My problem is I am having trouble trusting in anything he says and I just feel like he is up to something. I am obsessing about it. And it's driving me nuts. Even before he went out, it was the month from you know where. In his mind he was already out. So he was distant and not pleasant at all.
During the whole thing I just let him go through it. There was nothing I could do. I know that. It's not my job to save him. It still hurt like anything and messed up my head. I let him go through it and find his own way back. And he did it. I'm proud of him for that. But my gut says that there is something else.
Has anyone dealt with this? Any advice on how I can quit obsessing and just be. I'm exhausted.
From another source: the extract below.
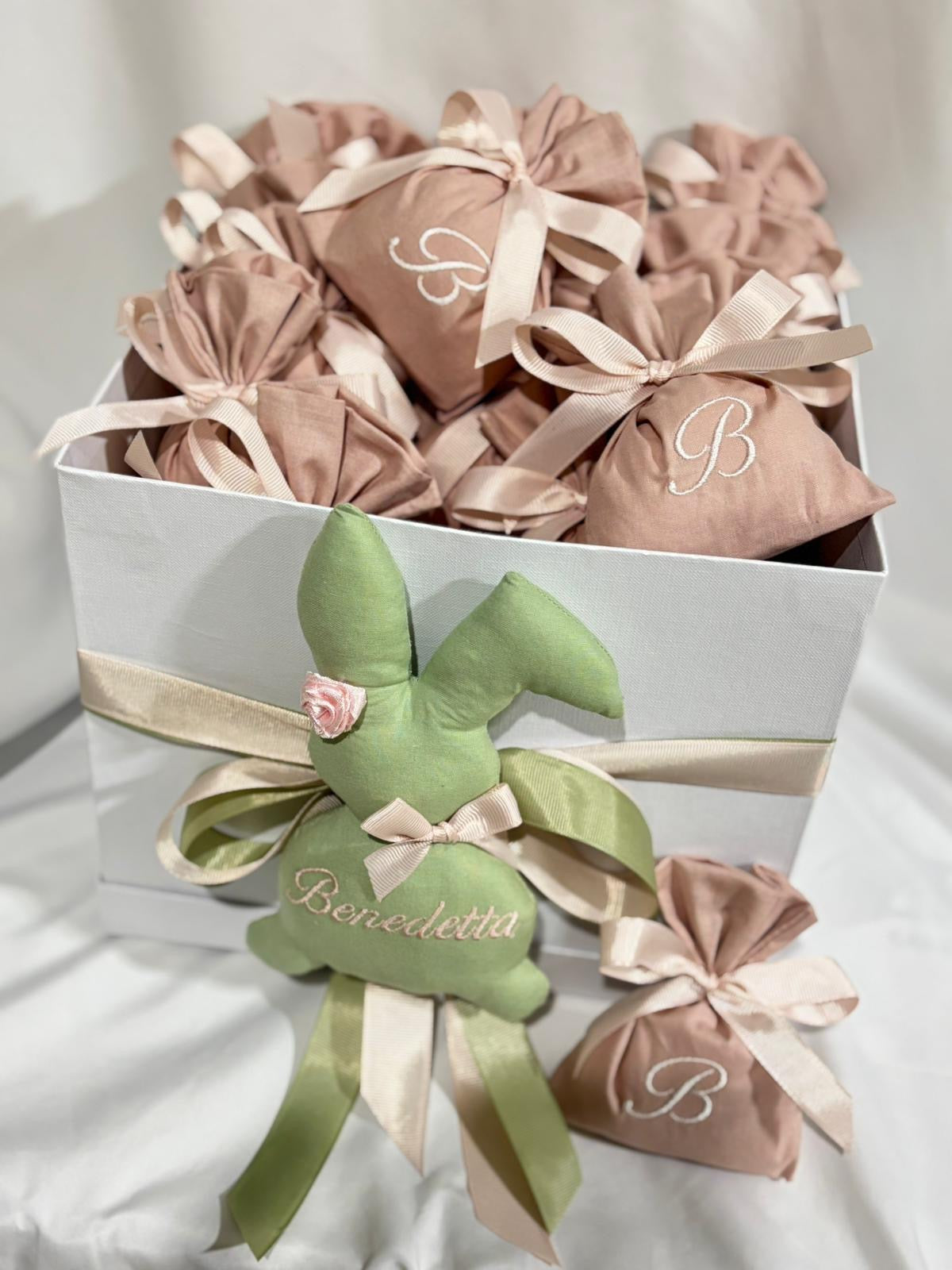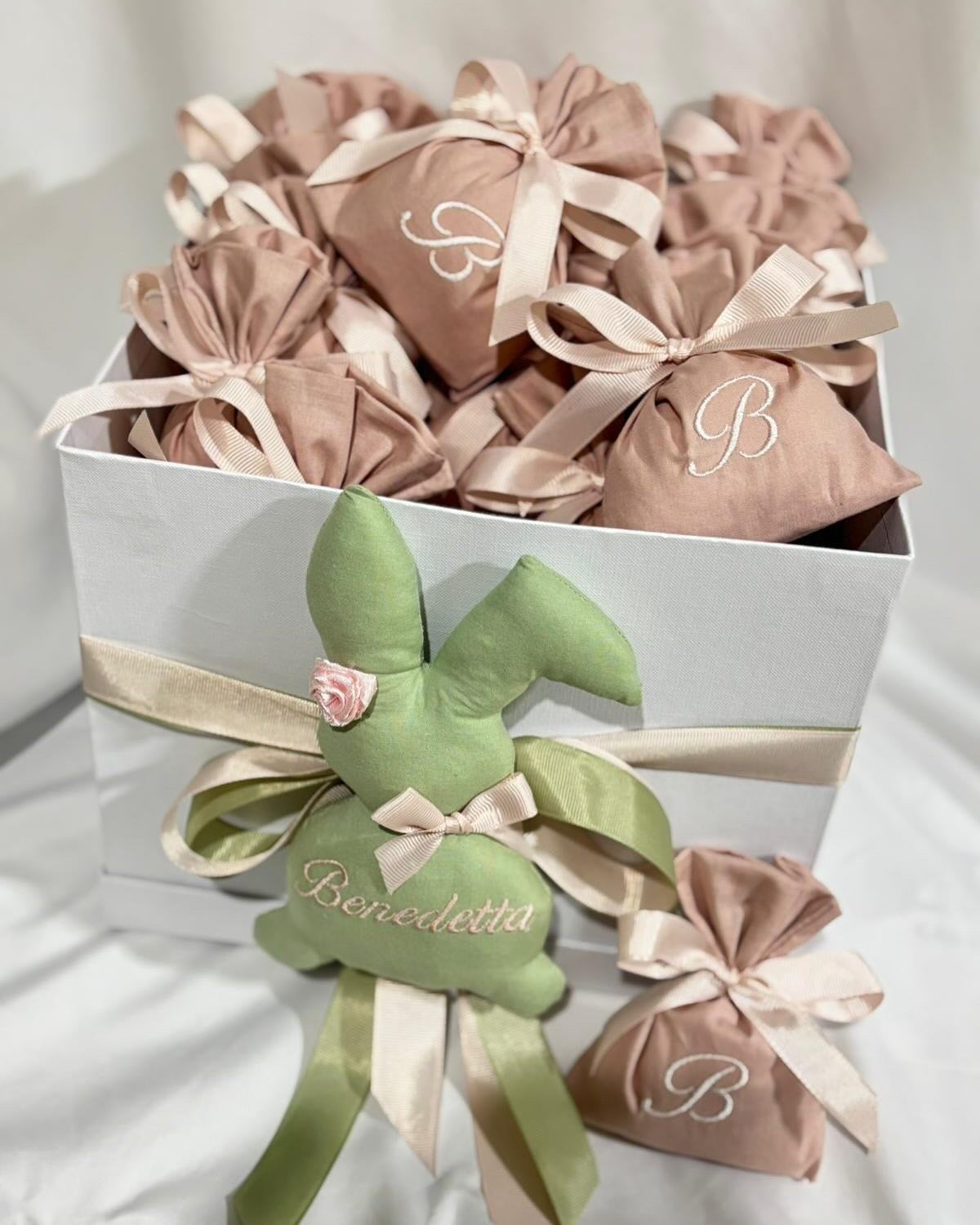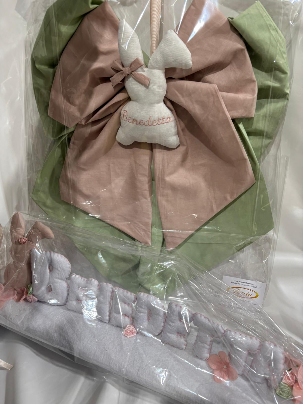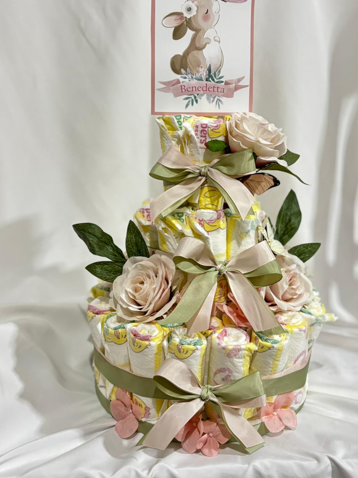 Nascita a tema coniglio: bomboniere, scatola cameretta, fiocco nascita, torta di pannolini

Let me ask you this: how did you do this when he was drinking? Did you attend Alanon meetings? You use the same tools that Alanon teaches us when the A is drinking. I'm sorry he relapsed, but that's part of the disease. I wish it weren't so. Working your program is so important when the A is active. It is just as important when the A is sober. The dynamics of a sober vs. active relationship are very different. The year hubby was sober was very challenging for me. The emotions are different (no longer masked by the drug), the physical well being is different. He's changed so I had to change too. I wasn't dealing with the same person. I was changed too by his disease. When he relapsed I was devastated. It sickened my heart to see that. Every time he takes a drinks, it sickens me. I want him so much to get sober and stay sober. I'm not sure that he will. I want to believe that he will. I will continue to pray that he will. Will he? I don't know. There's the acceptance part of that. He has a disease and his recovery is questionable.
The trust issue for me, never comes back. It's not that I don't trust my husband. I do. He has never been unfaithful to me or hurt me physically. I am very lucky with that. But I do not trust his disease. The way I get through this is to remember Step 1. I am powerless over this disease. I will never trust his disease. An addict is gonna do what an addict is gonna do, sober or not. There's nothing I can do about it. What I can do is turn him over to his HP. What happens from there is up to the two of them.
Keep working your program. It's a lifesaver. Love and blessings to you and your family.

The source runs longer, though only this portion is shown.